*** EXTRACTED RECORDS Section Begins ***

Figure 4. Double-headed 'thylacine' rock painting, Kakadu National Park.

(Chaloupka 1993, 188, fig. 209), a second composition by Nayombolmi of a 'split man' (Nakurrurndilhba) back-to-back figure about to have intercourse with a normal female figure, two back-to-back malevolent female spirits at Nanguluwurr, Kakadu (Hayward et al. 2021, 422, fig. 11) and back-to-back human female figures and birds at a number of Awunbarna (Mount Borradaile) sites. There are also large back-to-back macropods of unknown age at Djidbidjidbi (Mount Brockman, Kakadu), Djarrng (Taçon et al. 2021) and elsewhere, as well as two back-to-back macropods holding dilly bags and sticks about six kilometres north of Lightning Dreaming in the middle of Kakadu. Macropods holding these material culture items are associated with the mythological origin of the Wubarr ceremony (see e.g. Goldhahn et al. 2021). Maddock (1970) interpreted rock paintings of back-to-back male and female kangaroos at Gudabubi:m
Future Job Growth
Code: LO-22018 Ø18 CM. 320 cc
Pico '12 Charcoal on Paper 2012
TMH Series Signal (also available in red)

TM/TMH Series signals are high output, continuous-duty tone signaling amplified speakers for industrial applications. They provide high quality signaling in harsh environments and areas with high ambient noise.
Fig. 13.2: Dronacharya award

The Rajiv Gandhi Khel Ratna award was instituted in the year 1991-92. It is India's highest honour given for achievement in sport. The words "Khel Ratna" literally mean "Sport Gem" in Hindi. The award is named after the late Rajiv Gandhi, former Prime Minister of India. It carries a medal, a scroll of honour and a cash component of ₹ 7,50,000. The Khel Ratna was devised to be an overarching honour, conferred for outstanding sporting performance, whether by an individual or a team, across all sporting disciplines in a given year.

*** EXTRACTED RECORDS Section Ends ***
*** EXTRACTED RECORDS Section Begins ***

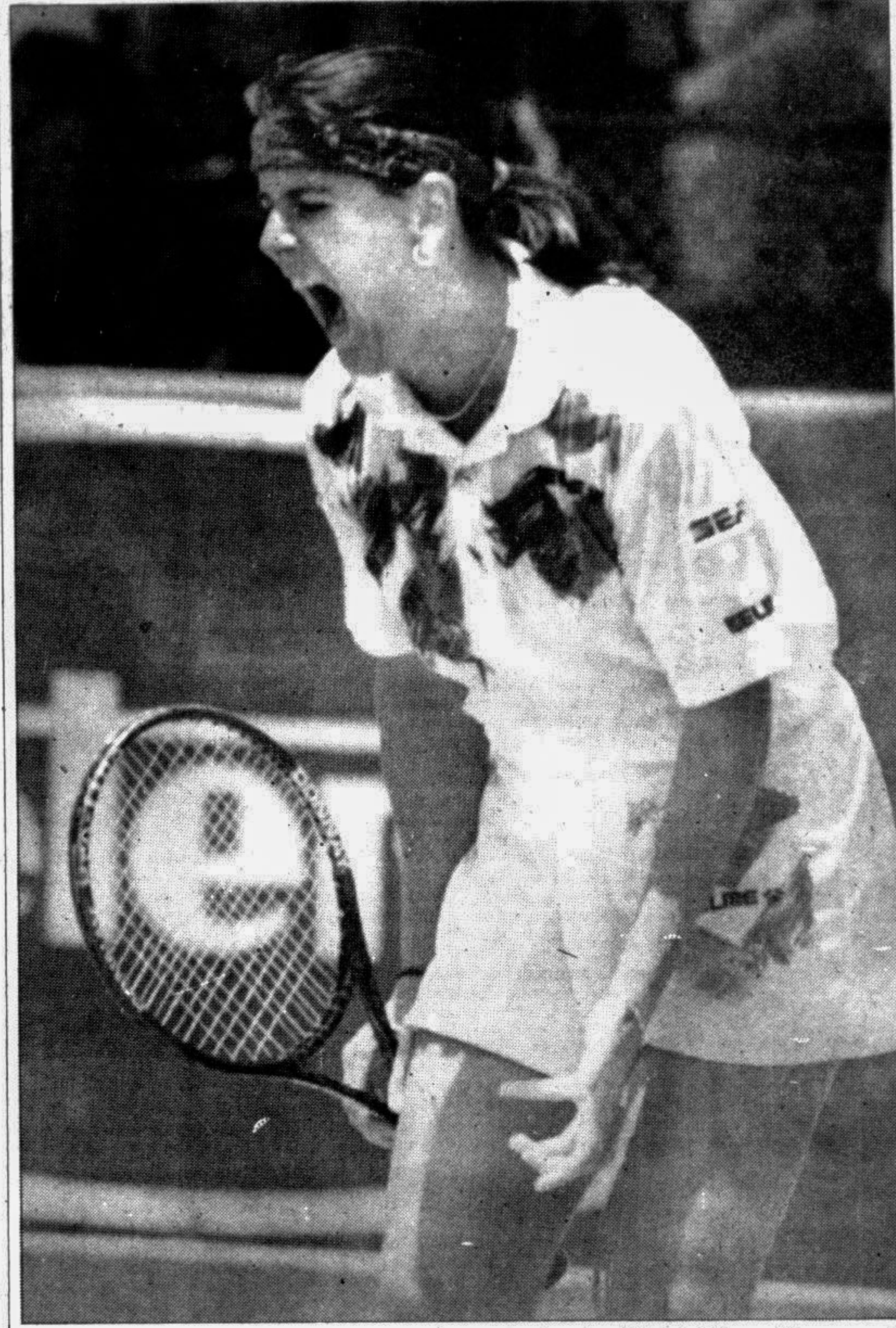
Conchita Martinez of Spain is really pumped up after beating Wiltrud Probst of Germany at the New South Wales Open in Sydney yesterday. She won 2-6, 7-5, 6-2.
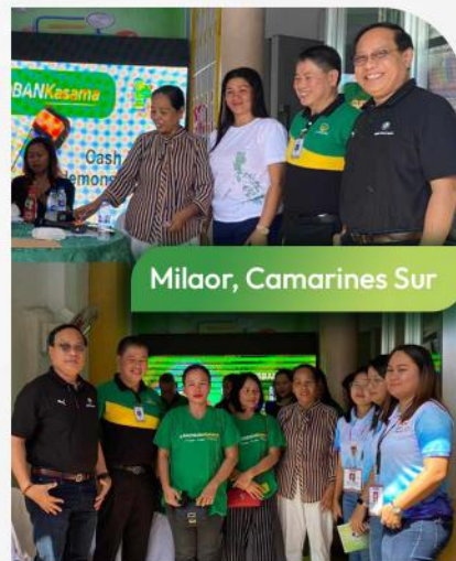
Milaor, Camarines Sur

*** EXTRACTED RECORDS Section Ends ***
*** EXTRACTED RECORDS Section Begins ***

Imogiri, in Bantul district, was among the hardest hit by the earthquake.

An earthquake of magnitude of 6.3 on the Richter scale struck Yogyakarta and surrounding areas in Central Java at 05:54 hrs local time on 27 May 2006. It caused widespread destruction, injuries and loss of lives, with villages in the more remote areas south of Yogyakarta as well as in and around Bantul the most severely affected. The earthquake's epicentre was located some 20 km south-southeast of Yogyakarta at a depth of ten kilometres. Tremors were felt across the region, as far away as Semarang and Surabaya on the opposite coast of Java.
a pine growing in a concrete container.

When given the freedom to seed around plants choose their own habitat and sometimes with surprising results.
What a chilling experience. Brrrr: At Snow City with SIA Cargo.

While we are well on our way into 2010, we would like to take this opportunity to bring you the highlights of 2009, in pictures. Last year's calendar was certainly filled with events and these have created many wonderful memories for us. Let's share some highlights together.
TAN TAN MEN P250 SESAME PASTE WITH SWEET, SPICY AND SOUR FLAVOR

*** EXTRACTED RECORDS Section Ends ***

#### [EXERCISE PROMPT]
Among the entries above, copy exactly only the lines starting with the one containing "What a chilling" and going through the one containing "TAN TAN MEN", both ends included.

#### [RESPONSE]
What a chilling experience. Brrrr: At Snow City with SIA Cargo.

While we are well on our way into 2010, we would like to take this opportunity to bring you the highlights of 2009, in pictures. Last year's calendar was certainly filled with events and these have created many wonderful memories for us. Let's share some highlights together.
TAN TAN MEN P250 SESAME PASTE WITH SWEET, SPICY AND SOUR FLAVOR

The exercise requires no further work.